This southwest German state is divided into Baden and Swabia, whose cuisines are slightly different.
Due to Baden's physiogeographical situation in the Upper Rhine Plain, with Germany's warmest climate and fruitful volcanic soils, it had good prerequisites to develop a high-quality gastronomy. Nationwide, this region features the highest density of star-rated restaurants; the municipality of Baiersbronn is especially well known for its fine-dining restaurants. Swabian cuisine tends to be heavier than Badish cuisine. Famous dishes of Baden-Württemberg are Maultaschen, Spätzle and Black Forest cake.

===Bavaria===

The Bavarian dukes, especially the Wittelsbach family, developed Bavarian cuisine and refined it to be presentable to the royal court. This cuisine has belonged to wealthy households, especially in cities, since the 19th century.
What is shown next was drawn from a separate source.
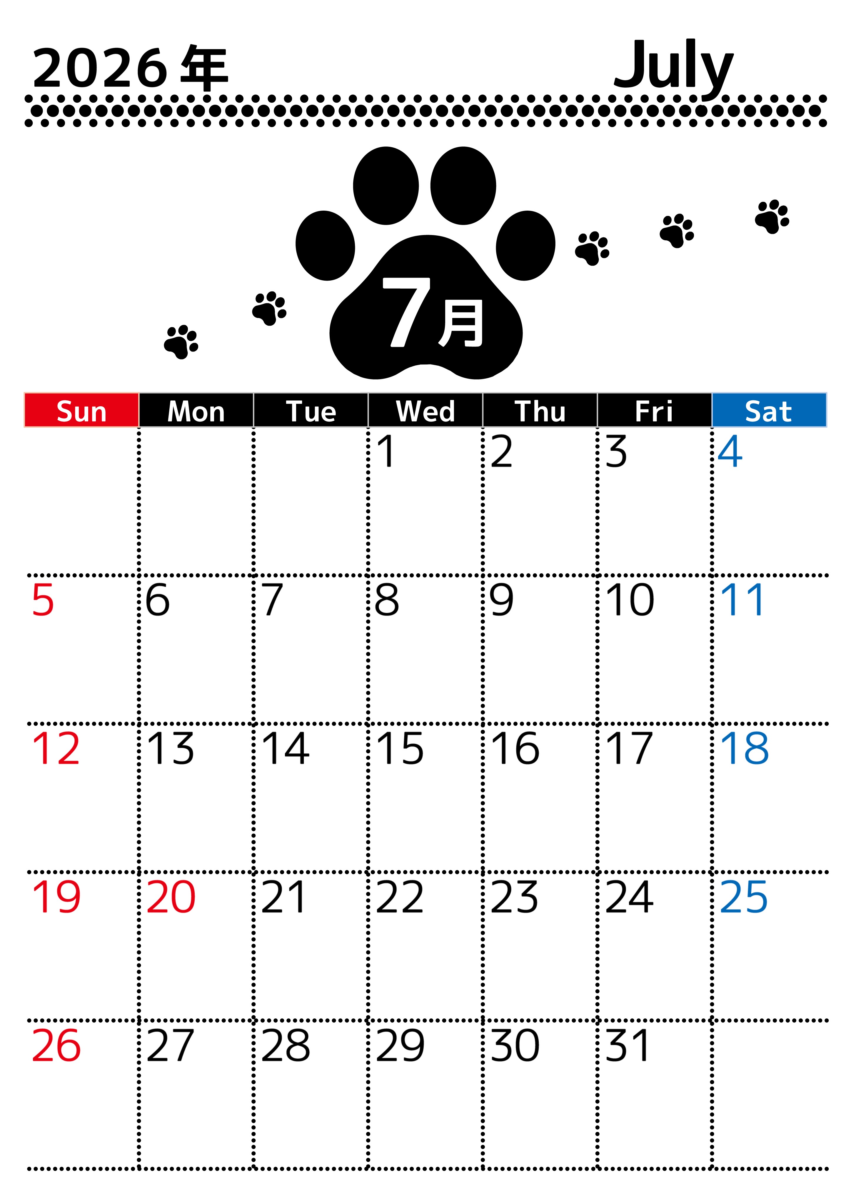 2026年・無料のカレンダーテンプレート 2026年7月カレンダーは縦型日曜始まり でかわいい猫の自由きままな足あとがおしゃれかわいいデザインなのでおすすめ:無料(2026-01290710) 素材状デザイン王 2025年4月9日 2026年7月カレンダーは縦型日曜始まりでかわいい猫の黒い足跡をテーマにしたイラスト付きです。気ままに無料ダウンロードできます。(2026-01290710) かわいい 7月 猫 縦型のカレンダー 日曜始まり カレンダーデザイン-0129
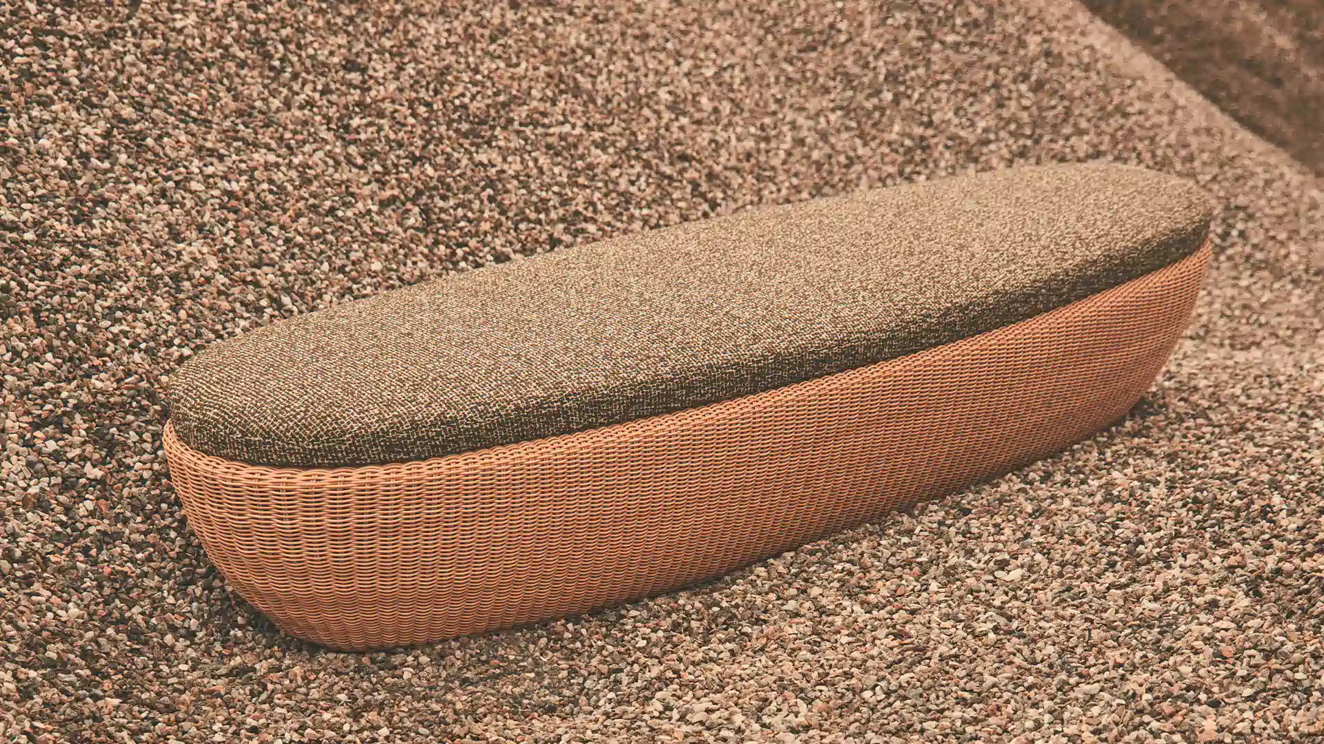 Reminiscent of sunny summer afternoons and the slow passing of time. Afternoons is an outdoor lounge set featuring an armchair, sofa, bench and oval coffee table with a choice of top in Pietra Lavica Smaltata, Pietra Bianco or Grigio Pece. Supported by an outdoor painted aluminium frame upholstered with natural-coloured, hand-woven PVC, the chair collection is padded with cushions in quick-drying polyurethane foam that fit perfectly into the silhouette. The collection is completed by a pouffe with Polimex and polyurethane frame and upholstered with a water-repellent cloth.

The (old) Bavarian cuisine is closely connected to Czech cuisine and Austrian cuisine (especially from Tyrol and Salzburg), mainly through the Wittelsbach and Habsburg families. Already in the beginning, Bavarians were closely connected to their neighbours in Austria through linguistic, cultural and political similarities, which also reflected on the cuisine.

A characteristic Bavarian cuisine was further developed by both groups, with a distinct similarity to Franconian and Swabian cuisine. A Bavarian speciality is the Brotzeit, a savoury snack, which would originally be eaten between breakfast and lunch.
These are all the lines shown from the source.